Because glyphosate herbicide (used on and accumulated by most GM crops) is being linked to cancer, and because the safety of the co-formulants used in glyphosate sprays is being questioned, Monsanto made 82 unpublished studies on these topics available for scrutiny.
By 'made available' is meant put in a reading room on industry property to which those wishing to view them are accompanied by a guard, and in which photography, internet access and memory sticks are banned.
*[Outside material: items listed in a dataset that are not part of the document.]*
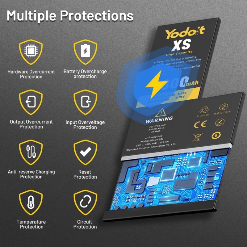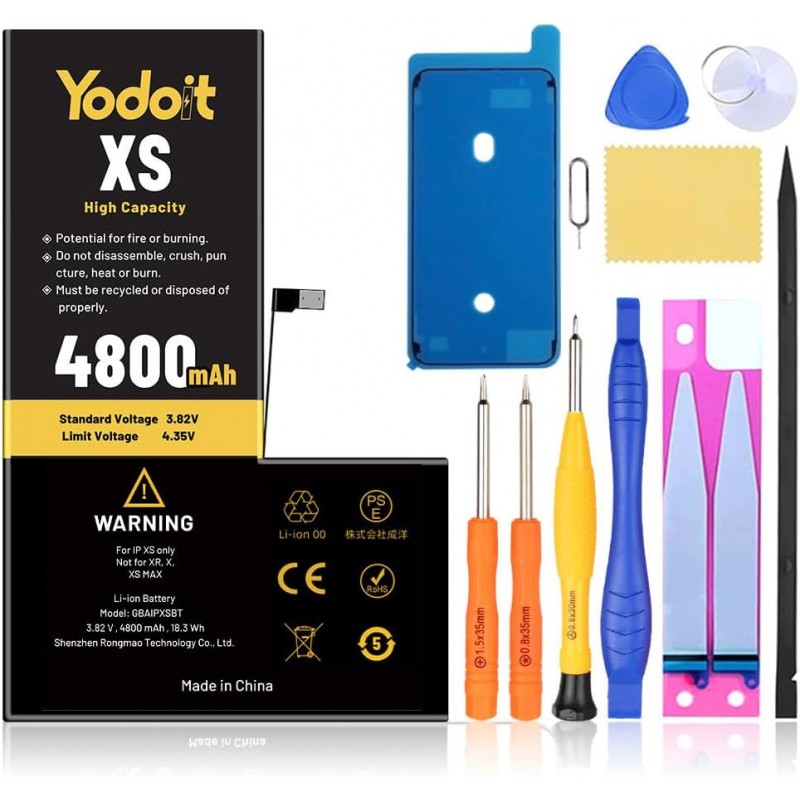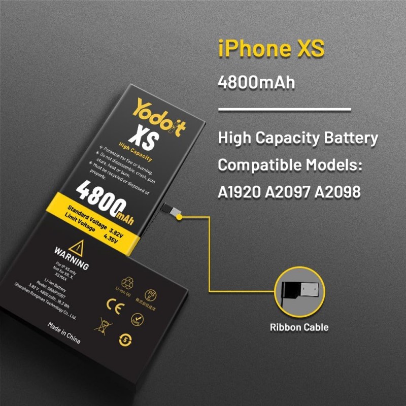 Bateria de substituição Yodoit de alta capacidade para iPhone XS, modelo atualizado com 4800mAh, oferecendo 80% mais capacidade do que a bateria original (2658mAh).
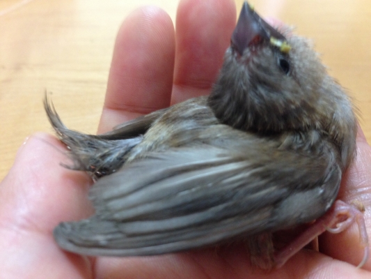 立つこともできず、目を閉じて、じっとしていました。口を開けてくれないので、無理やり開けて、少しずつ挿し餌していました。
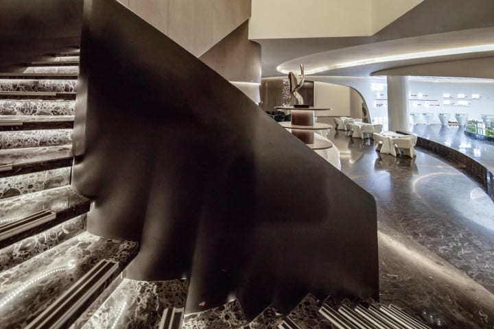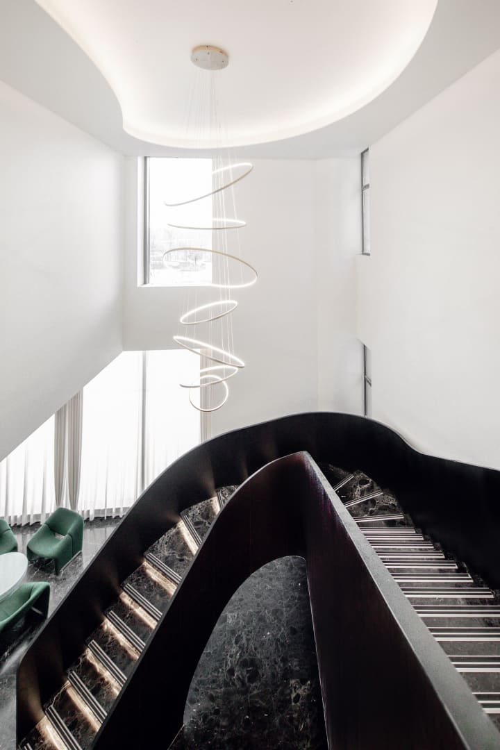 On the simple black and white and transitional color bands, the sculptural interior is more upright and powerful, and the entire sandbox of Jiangnan's floral language floats like an oasis in the vast land of consciousness. The steel staircase rises from the ground, connecting the second-floor office area, finance room, VIP room, and other private spaces. The upward-twisting structural body forms a fascinating tension against the white background.
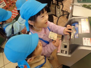 最後にお金を持ってレジに行き自動精算機も体験です!
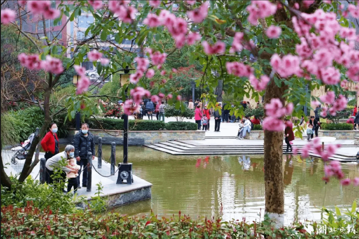 市民在十堰城区游园玩耍。(湖北日报客户端通讯员 全正 摄)

This 'availability' was provided only after several months of pressure from MEPs who believed that there was an overriding public interest in disclosing the data used in the European Food Safety Authority (EFSA) re-authorisation of the herbicide.
On 28th September - International Right to Know Day - four environmentalists MEPs staged a protest outside the reading room to demand transparent transparency, and threatening to sue the EFSA in the EU Court of Justice if unrestricted public access to the data is not given.
A day later the EFSA discovered that it had a 'commitment to open risk assessment' and that:
"Transparency and openness are essential values for EFSA because they strengthen confidence in science. Sharing the data that underpin our work is a key ingredient in making science reproducible and therefore trusted."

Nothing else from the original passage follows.